The flow of data would be:
IBM DB2 (transactional) => IBM DataStage => IBM DB2 (warehouse) => Cognos

Simple, huh? While it does sound easy, building it wasn’t. I won’t lie though, I do have good experience with IBM’s integration portfolio.

The Execution

Installing, configuring and using IBM’s products is out of scope for this post. I’ll only show you high level screenshots of the preparation part for the integration to understand the scenario better, and feel the authenticity of the experiment.

Step 1

Creating tables in IBM DB2 OLTP and DWH databases using IBM Data Architect: Once I was done, I executed the DDL on the IBM DB2 database. The OLTP database name is JKLW_DB, and the data warehouse is JKLW_DWH.

Step 2

After creating the tables I need (source and target) for my ETL jobs and reporting after, I was ready to design/modify my IBM DataStage jobs. The jobs will load data into the OLTP from flat files, then some other jobs will populate the DWH with some lookups and aggregations.

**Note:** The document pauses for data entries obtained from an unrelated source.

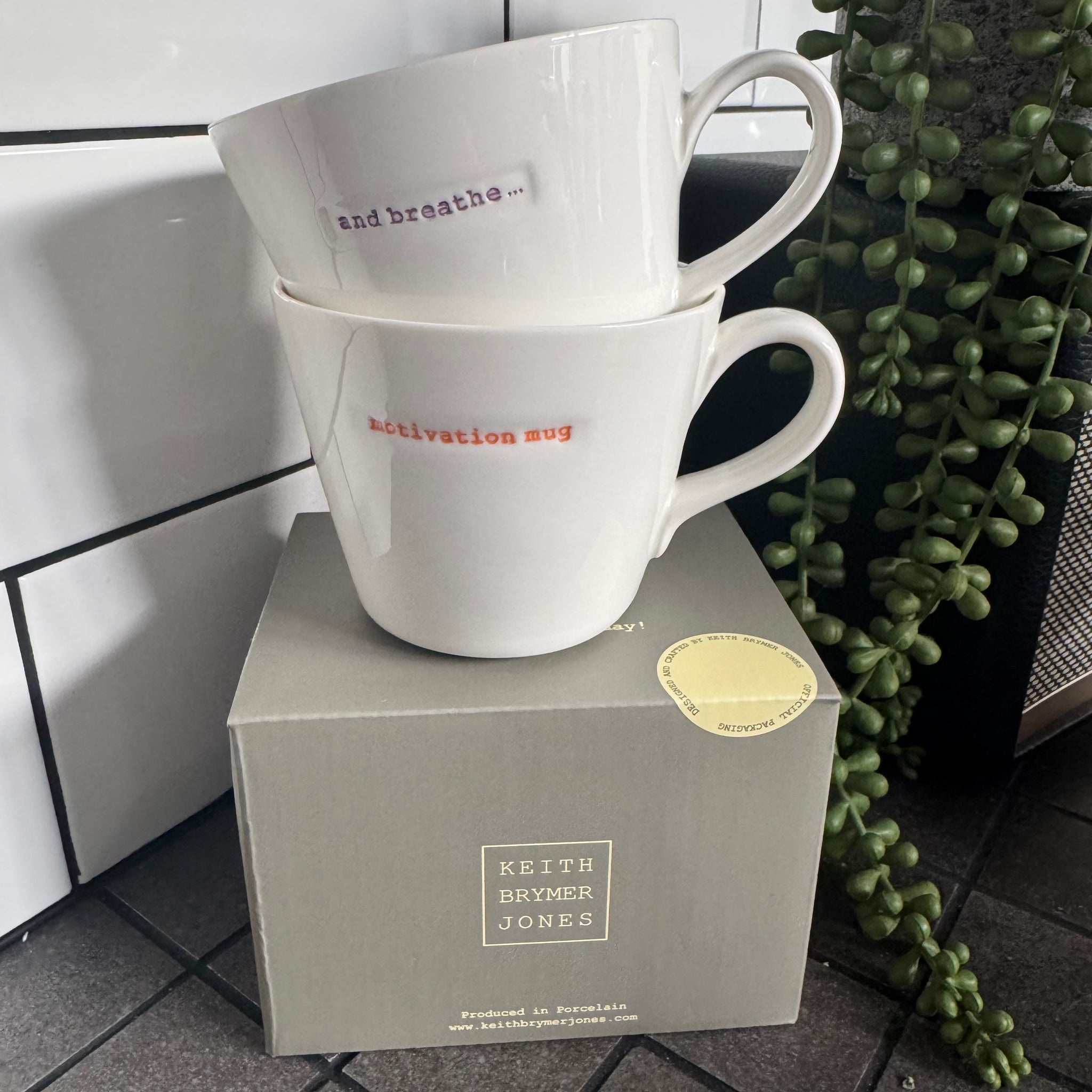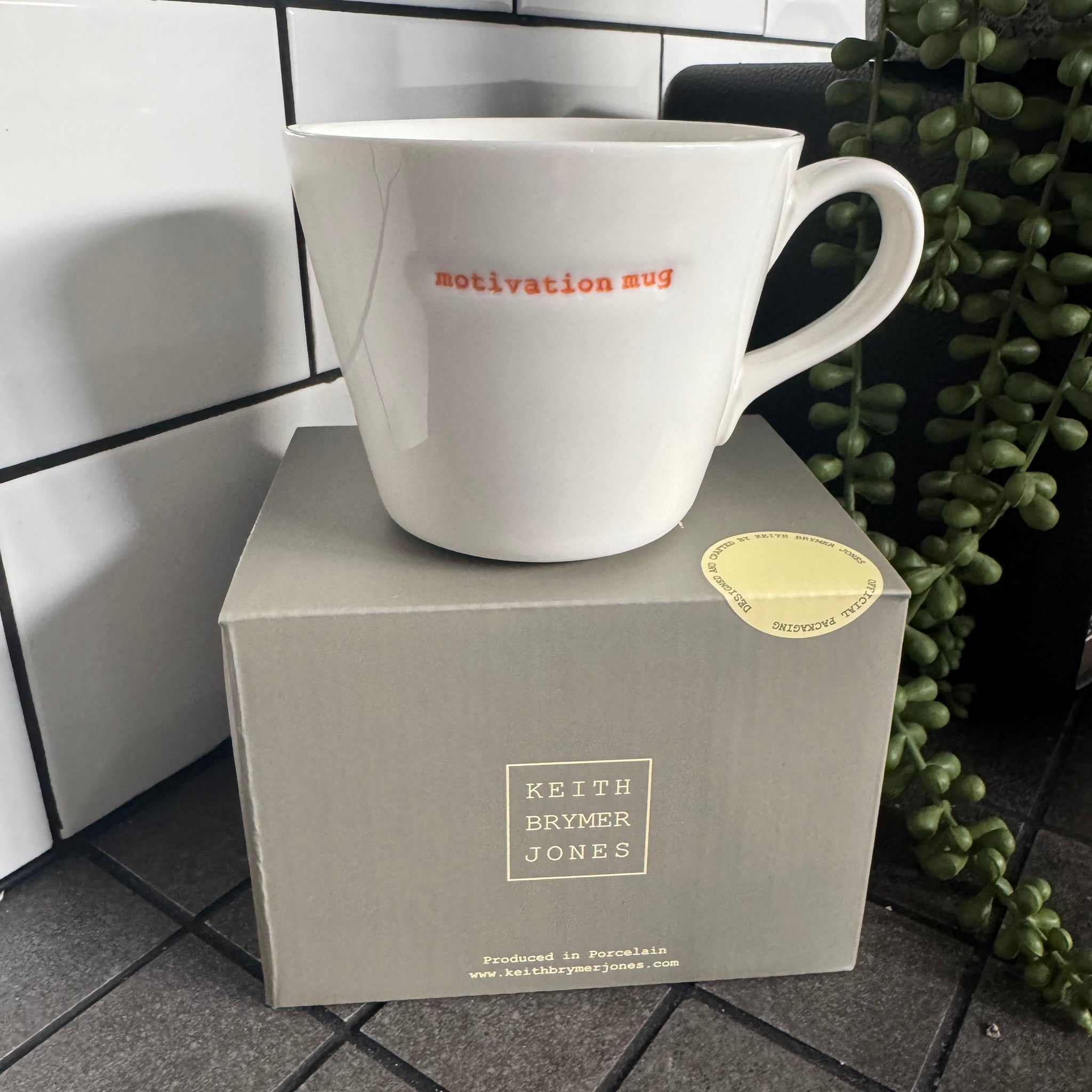 Fuel productivity with this Medium Orange Motivation Mug from Keith Brymer Jones' inspiring Word Range. The energizing phrase is hand-stamped in vibrant orange typewriter font onto white porcelain - perfect for goal-chasers.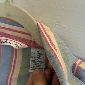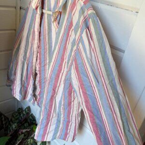 Good condition. Just needs a steam/iron. Size medium but I think it best would fit an oversized small. Cotton and linen. Striped.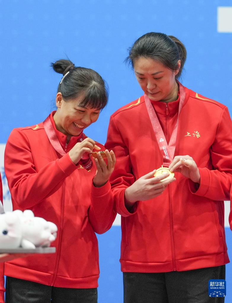 12月14日,上海队球员苏立梅(左)和队友许艺潇在颁奖仪式上观赏金牌。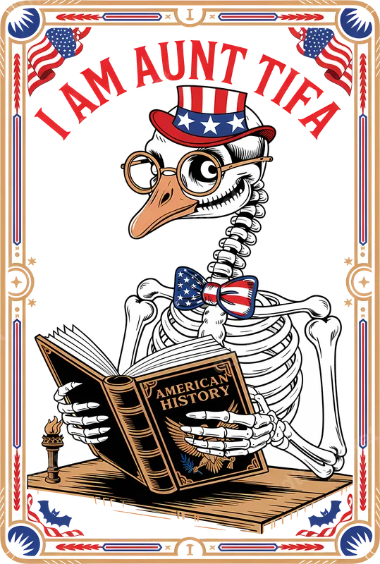 See allThis eye-catching DTF transfer features a patriotic skeleton duck, sporting a stars-and-stripes top hat and bow tie, engrossed in a book titled "AMERICAN HISTORY." Above this scholarly figure, the bold text "I AM AUNT TIFA" delivers a humorous and thought-provoking statement. Framed by a rich, patriotic border, this high-quality, ready to press heat transfer is perfect for making a unique statement. This bold design is ideal for individuals who appreciate satirical humor, political commentary, and a unique take on American patriotism. It's an excellent choice for history enthusiasts, independent thinkers, or anyone looking to add edgy wit to their wardrobe. Perfect for casual wear, political rallies, history club meetings, or as a distinctive gift. It's a fantastic conversation starter for various patriotic occasions. Applying this apparel transfer is incredibly straightforward. Our premium heat press design works flawlessly on a wide array of fabrics, including cotton, polyester, and various blends. For best results, use a heat press at 300-325°F for 15 seconds with medium pressure. A standard household iron can also achieve great results. This iron on decal is truly ready to apply straight out of the package, no weeding required. Experience superior quality with our direct to film transfer. Each design boasts vibrant, true-to-color inks that resist cracking and peeling, ensuring your finished garment looks fantastic wash after wash. The professional-grade DTF film provides a soft, flexible feel on the fabric, maintaining comfort. With a strong adhesive, your new shirt design will securely bond, delivering a durable and long-lasting customized look you'll love.

Here is a screenshot of the job design which extract data from flat file and load it into a DB2 table:

Here I’m populating my DWH, to make it a bit challenging I added some lookup and aggregation:

Once I was done, I ran the jobs and all tables were been populated successfully.

Step 3

This one was a bit tricky for me since I personally don’t like working with reporting applications (design reports, dimensions, etc..), but I’ve managed to have it done:

Here I created a new project in Cognos using Framework Manager, added the needed connections and published the package:

Following that, I jumped into Cognos to create some reports and dashboard. Nothing fancy but serves the purpose.:

And the dashboard (workspace) looked something like this:

Saved everything and was ready to roll into OEMM.

Step 4 (A)

First of all, I needed to create models and harvest them for all of the preceding sources. I started with IBM DB2 (the OLTP database), the configuration was:

Resulted in:

Then I’ve created a model for the IBM DB2 DWH, the configuration was:

Resulted in:

Then I created a model for IBM Data Architect (just for fun), the configuration was:

Resulted in:

Then I created a model for IBM DataStage. Configuration was pretty straightforward, I only exported the project in DataStage and pointed OEMM to the file:

Resulted in:

And when I clicked on the Semantic and data flow overview I got (this is a zoomed-in version):

The final model to harvest was the Cognos, the configuration was:

And the result was:

Step 4 (B)

The stitching step, my favorite. So I’ve created an empty configuration and dropped all the models I’ve created, then validated (stitched) them:

The result for Architecture Diagram was:

Notice the flow: IBM DB2 OLTP reading/writing from/to IBM DataStage, then IBM DataStage loading into IBM DB2 DWH and eventually IBM Cognos is showing reports based on the DWH data.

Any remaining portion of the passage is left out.